Grandmaster Yoda said:


> This ain't a game.


Its also not about politics.


----------



## beth x (Mar 4, 2010)

Grandmaster Yoda said:


> This ain't a game.


Everyone's a pedant.


----------



## Somniorum (Oct 7, 2010)

I don't feel stigmatised, particularly as nobody who knows me knows about it, aside from folk online. Nobody online I know seems to care particularly. I think one or two people I know offline suspect (not that I know many people offline), but I find it easy enough to not talk about it. If I found I *had* to, well, that'd be awkward surely, but fuck it (...figuratively), right? I don't make things easy for folk who try to taunt me (in the sense that I seem unflappable to many, even if I'm flapping right the fuck out internally). 
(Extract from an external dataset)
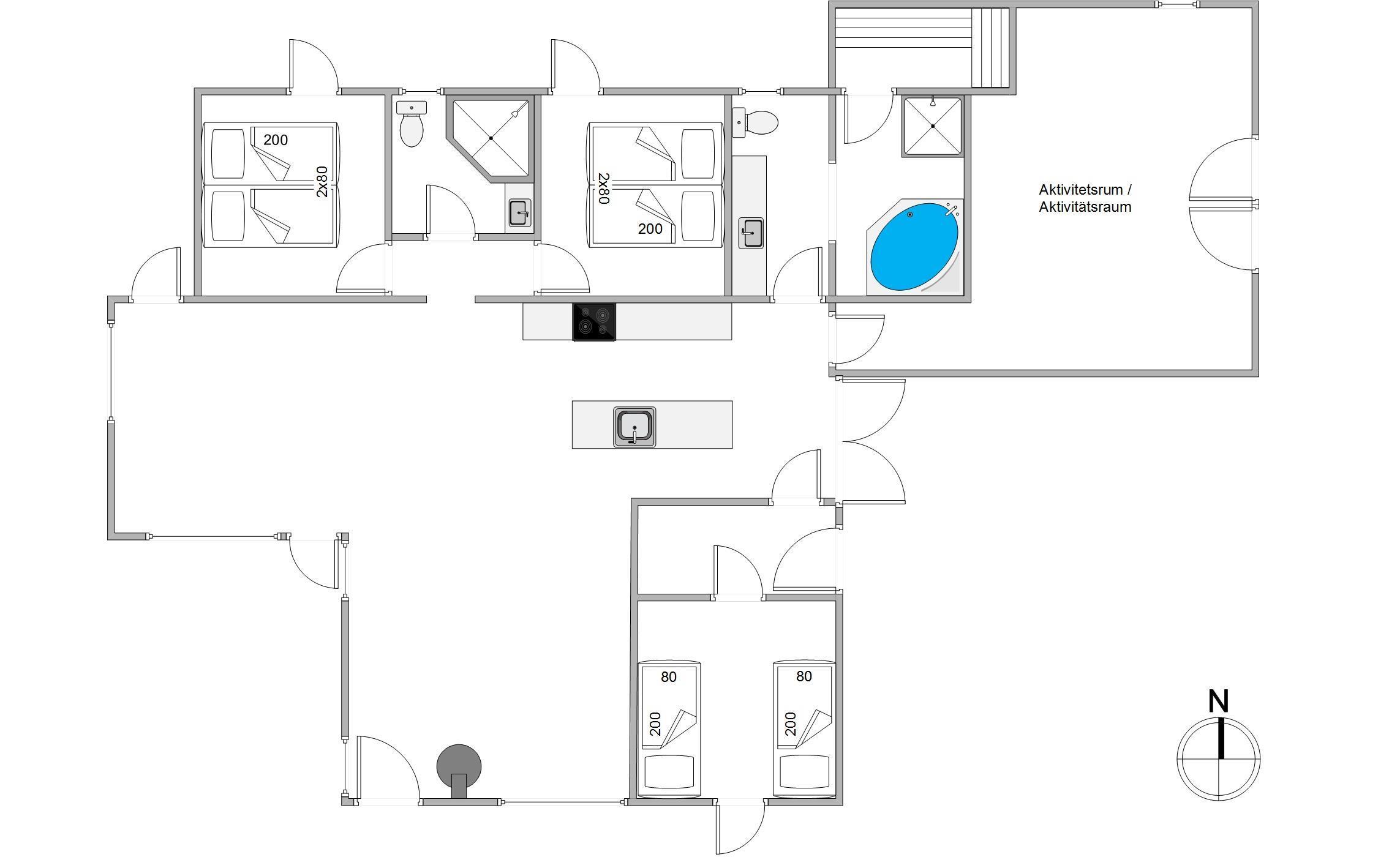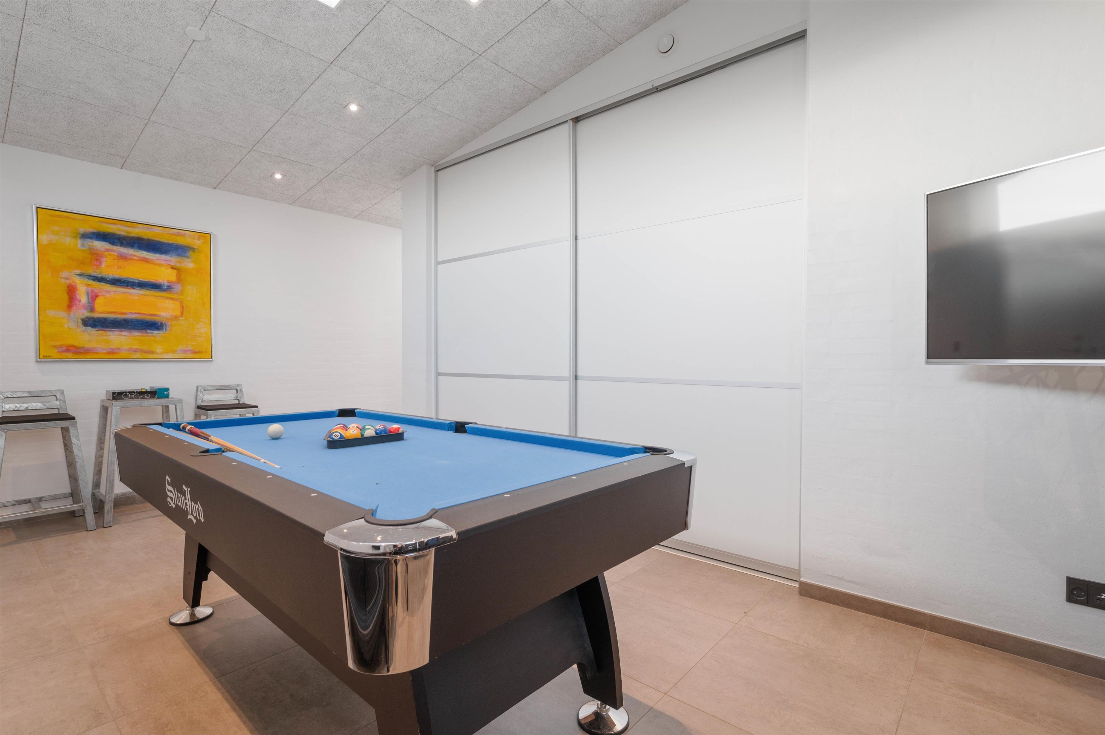 Huset byder på underholdning for hele familien, og mens nogle af jer læner jer tilbage i liggestolene på den store terrasse med en god bog, kan de aktive afholde en spændende billardturnering i aktivitetsrummet og finde feriens allerbedste spiller. I alle opholdsrum finder I også TV, så der kan ses fjernsyn fra sengen om aftenen.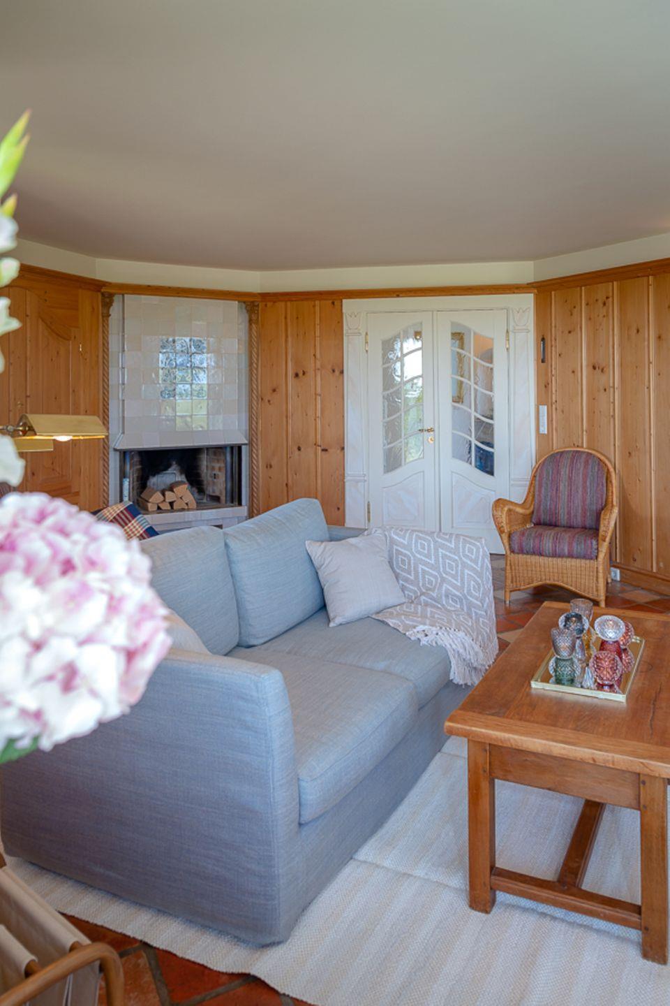 Verbringen Sie verträumte Stunden in Ihrem behaglichen Wohnzimmer, in dem Sie im Winter am Kamin sitzen und den unverstellten Blick auf das Meer genießen können. In diesem Haus wird das Motto „Wertschätzung statt Vergeudung“ großgeschrieben und so bietet Ihnen der leicht separate Küchenbereich – im Sinne der Nachhaltigkeit – eine gelungene Kombination aus hochwertiger Ausstattung und älteren Küchengeräten, durch die sich die Selbstversorgung im Urlaub einfach gut anfühlt.

Greater upset for me is simply my inability (or great difficulty) in having relationships altogether (and, connected with that, sorting out my life)... I can get pretty morose when I think about how so many people seem to have such an easy time getting into relationships, or going about and seeing all the cute couples together and always being alone myself. : / 

And that's really the thing - externally, not an issue because people generally don't know me, and I don't open up much. Everything is going on internally with me. I really want to have someone I can be *physical* and sexual with, and it's kinda killing me a bit inside that I never do. Increasingly worrying is that I'm far from being a kid anymore (35!), so it's kind of hard to not see this just going on the same till the end, really. 

I know *some* women seem interested in me, but I can't manage to break past my ferocious introversion and my other little hang-ups. I remain hopeful, but somewhat doubtful. : / 

Ultimately, it's just really disappointing.

(while nobody ever directly targets me, it does depress me somewhat when I hear people talking about people *like* me - in person, or, for that matter, here in perc I've seen it a number of times - and implying or outright saying I'm a loser. THAT SAID, I don't think virgin teasing is anything near as bad as slut shaming is - I mean, seriously, I've never once heard of virgins being genuinely harmed for this, but slut shaming roots directly in vicious practices, including sometimes murder. I'm *way* better off than someone who's being slut-shamed!)


----------



## Wolf (Mar 20, 2016)

EddyNash said:


> Being an adult virgin.


I mean, I guess I'm an adult virgin, even though personally I don't really feel like an adult. I'm only 19 anyhow, so I'm much less of an adult by comparison to say, Gen Y folk. 

I'll still answer anyways, because technically-speaking, I am a young-adult. 



> Whats it feel like,


It's just the abscence of a particular experience as far as I can tell. I guess that I feel different than some of my peers in one way or another, but it's nothing too major. 



> do you feel stigmatized for it,


Not very often, but maybe rarely to a certain extent. Some people are condescending about it, but I think that most people, or at least the few that I surround myself with, aren't really concerned with my virginity. 

The people that have called me out on it usually make me out to be some sort of socially inept, mentally-handicapped person (no offense directed at people with serious diabilities), like I haven't lived or something. Apparently if you didn't get laid in high school then you're a failure at life, or something like that. lmfao :laughing:

I can't really take these people seriously, it just screams insecurity to me. They have to cling to one life experience to make themselves feel better than others, yeah good luck with that. Seems like you're pretty obsessed with me if you worry more about my virginity than I do, just saying.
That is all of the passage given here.